Esto da pie a que Windows, mediante su modo de búsqueda, interprete cual es la DLL que el binario pretendía cargar en ese enlace. El orden de búsqueda es el siguiente:
- El directorio donde se encuentra la aplicación que se está ejecutando
- C:\Windows\System32
- C:\Windows\System
- C:\Windows
- El directorio donde se encuentra
- Todo lo que haya en la variable de entorno %PATH%
Por lo tanto, por culpa de este funcionamiento de Windows, cualquier persona con acceso de escritura en algún lugar del disco podría evadir AMSI. ¿Por qué? Porque si podemos copiar la PowerShell para tenerla en un lugar en el que tengamos permisos de escritura, y creamos un archivo llamado amsi.dll, en el momento que se abra esa PowerShell, cargará esa DLL por tema de preferencia.
En el siguiente ejemplo podemos ver cómo, teniendo la PowerShell en un sitio como el escritorio, podemos hacer que cargue amsi.dll de ese mismo sitio.
El único requisito para utilizar esta técnica es tener una DLL (creada en C/C++) que tenga las funciones definidas de la misma manera que la DLL real. Es decir, no es necesario que la funcionalidad sea la misma, pero de cara a la PowerShell, la llamada a la función se tiene que dar de la misma forma: con el mismo nombre y los mismos argumentos.
PowerShell de 64 bits se puede encontrar en el siguiente directorio:
- C:\Windows\System32\WindowsPowerShell\v1.0
Mientras que PowerShell de 32 bits se puede encontrar en el siguiente directorio:
- C:\Windows\SysWOW64\WindowsPowerShell\v1.0
Una forma sencilla de realizar esta tarea es mediante el parcheo de la DLL original. En otras palabras, podríamos tomar amsi.dll y cambiar las instrucciones pertinentes para que se pierda la funcionalidad original, y no devuelva nunca que hay malware.
Anteriormente en el post Funciones AMSI explicamos para qué servía cada función de AMSI.
Sabemos que AmsiScanBuffer devuelve un HRESULT, que es un código que representa si la función se ha ejecutado de forma exitosa o no. Si cambiamos AmsiScanBuffer para que siempre devuelva 0x80070057, AMSI dejará de funcionar y lo habremos evadido.
La siguiente imagen es una parte de la función AmsiScanBuffer.
El primer if hace una serie de validaciones básicas y si las cumple, significa que los argumentos se han proporcionado de forma inválida y no se podrá realizar el escaneo, por lo que setea uVar2 a 0x80070057.

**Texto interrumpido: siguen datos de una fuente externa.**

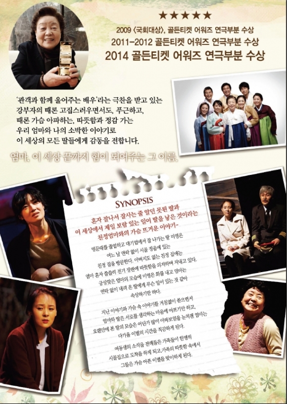 살을 애리는 겨울의 텃텃한 땅을 헤집고 나오는 새싹처럼 가슴을 뭉클하게 하는 그 말, ″엄마, 사랑해″ 그 감동의 순간을 함께 나누고자 한다면 꼭 봐야할 연극이다.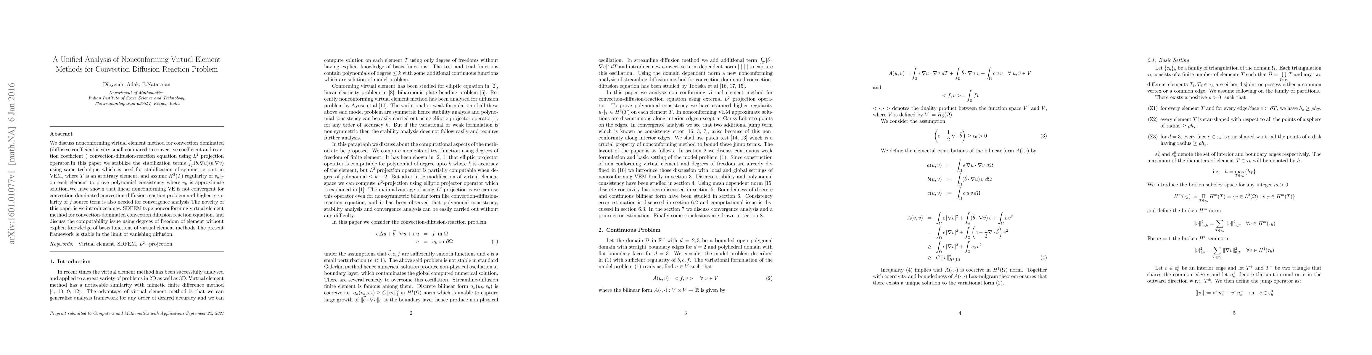 We discuss nonconforming virtual element method for convection dominated (diffusive coefficient is very small compared to convective coefficient and reac- tion coefficient ) convection-diffusion-reaction equation using L^2 projection operator.In this paper we stabilize the stabilization terms using same technique which is used for stabilization of symmetric part in VEM, where T is an arbitrary element, and assume H^2(T) regularity on each element to prove polynomial consistency where v_h is approximate solution.We have shown that linear nonconforming VE is not convergent for convection dominated convection-diffusion reaction problem and higher regu larity of f ,source term is also needed for convergence analysis.The novelty of this paper is we introduce a new SDFEM type nonconforming virtual element method for convection-dominated convection diffusion reaction equation, and discuss the computability issue using degrees of freedom of element without explicit knowledge of basis functions of virtual element methods.The present framework is stable in the limit of vanishing diffusion.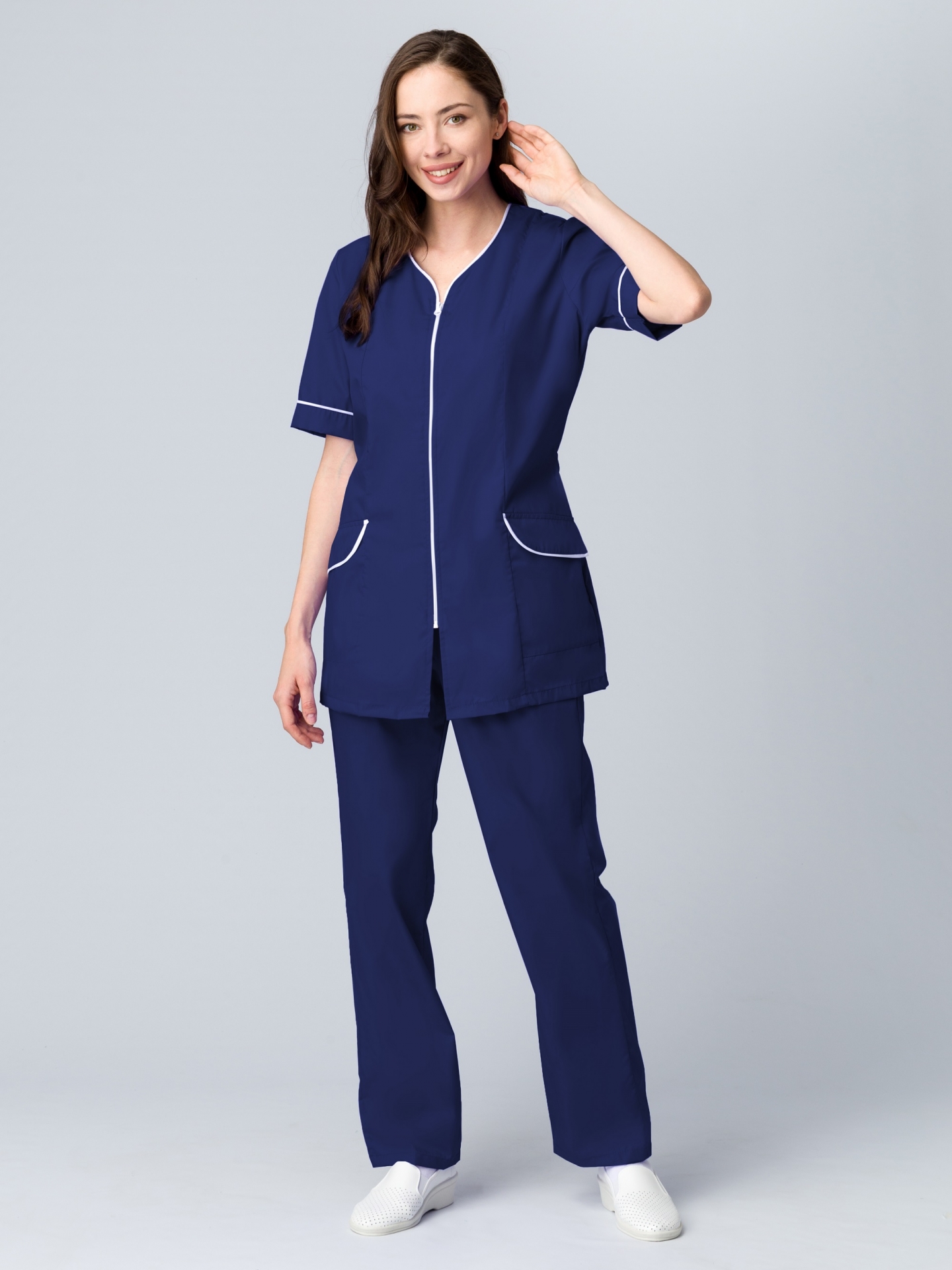 - атласным белым кантом отделаны клапаны карманов, горловина и рукава

Pero ¿Qué pasaría si dentro del else también se setea uVar2 a 0x80070057? La respuesta es que AMSI dejaría de funcionar correctamente, porque, a pesar de que AMSI se comunique con Windows Defender para enviar el buffer, si la función devuelve INVALIDARG, el comando se ejecutará de forma normal.
En ensamblador, para devolver un valor en un return, debemos cargar el contenido en un registro de retorno, por lo tanto, para devolver INVALIDARG, podríamos añadir lo siguiente:
- MOV EAX,0x80070057
Si utilizas ghidra, seleccionando en la parte del decompile, la parte que nos interesa, podemos ver dónde se encuentra su ensamblador correspondiente. Para parchear esta función y que siempre devuelva INVALIDARG, podemos cambiar el último call.
Por lo tanto, la función quedaría como la siguiente:
Por último, quedaría exportar la DLL como PE y ya estaría.